Open Very Carefully: A Book With Bite!
- Author: Nick Bromley
- Illustrator: Nicola O'Byrne
- Cover artist: O'Byrne
- Language: English
- Genre: Children's picture book
- Published: 2013 (Nosy Crow)
- Publication place: England
- Media type: Print (hardback)
- Pages: 29 (unpaginated)
- ISBN: 9780857630476
- OCLC: 842839196

= Open Very Carefully =

Children's picture book by Nick Bromley and Nicola O'Byrne

Open Very Carefully: A Book With Bite! is a 2013 children's picture book by Nick Bromley and illustrated by Nicola O'Byrne. It is about a crocodile that disrupts a narrator's reading of The Ugly Duckling.

==Reception==
A review in Publishers Weekly of Open Very Carefully wrote "This is a lively read with many prompts for interactivity and a format that makes it a good choice for both lap reads and preschool circle time ...", while Kirkus Reviews called it "A blandly nonthreatening alternative to Emily Gravett’s Wolves (2006) and like encounters with metafictional characters."

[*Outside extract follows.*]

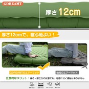 【寝心地よいのダブルエアーマット】超厚手のダブルエアーマットが発売!❶GDREAMTのエアーマットの厚さは12cmで、使用時に地面のゴツゴツ感が体に伝わらず、底つき感もなく、地面からの暑気や寒気もシャットアウトでき、寝心地がいい。寝心地よいを目指している人にはおすすめダブルエアーマット!❷ダブル エアーマット内部には肝心なサポートベルト設計により、体の沈み込みに防ぎ全体の体重をバランスよく支えてくれ、形崩れしにくく、沈み込むこともありません。横向き、仰向け、うつぶせなど、どんな姿勢でもぐっすり眠ることができます。(※座る・膝立ちの状態でも、地面に付く感触はありません。)

Open Very Carefully has also been reviewed by Booklist, School Library Journal, Horn Book Guides, and Booktrust.

Some teachers have been concerned that it reinforces stereotypes.

Open Very Carefully won the 2014 Waterstones Children's Book Prize for picture books, was shortlisted for the 2014 UKLA Book Award in the 3 to 6 category, shortlisted for the 2014 Oscar's Book Prize, and longlisted for the 2014 Kate Greenaway Medal.

It appears on the 2015 North Somerset Teachers' Book Award Booklist.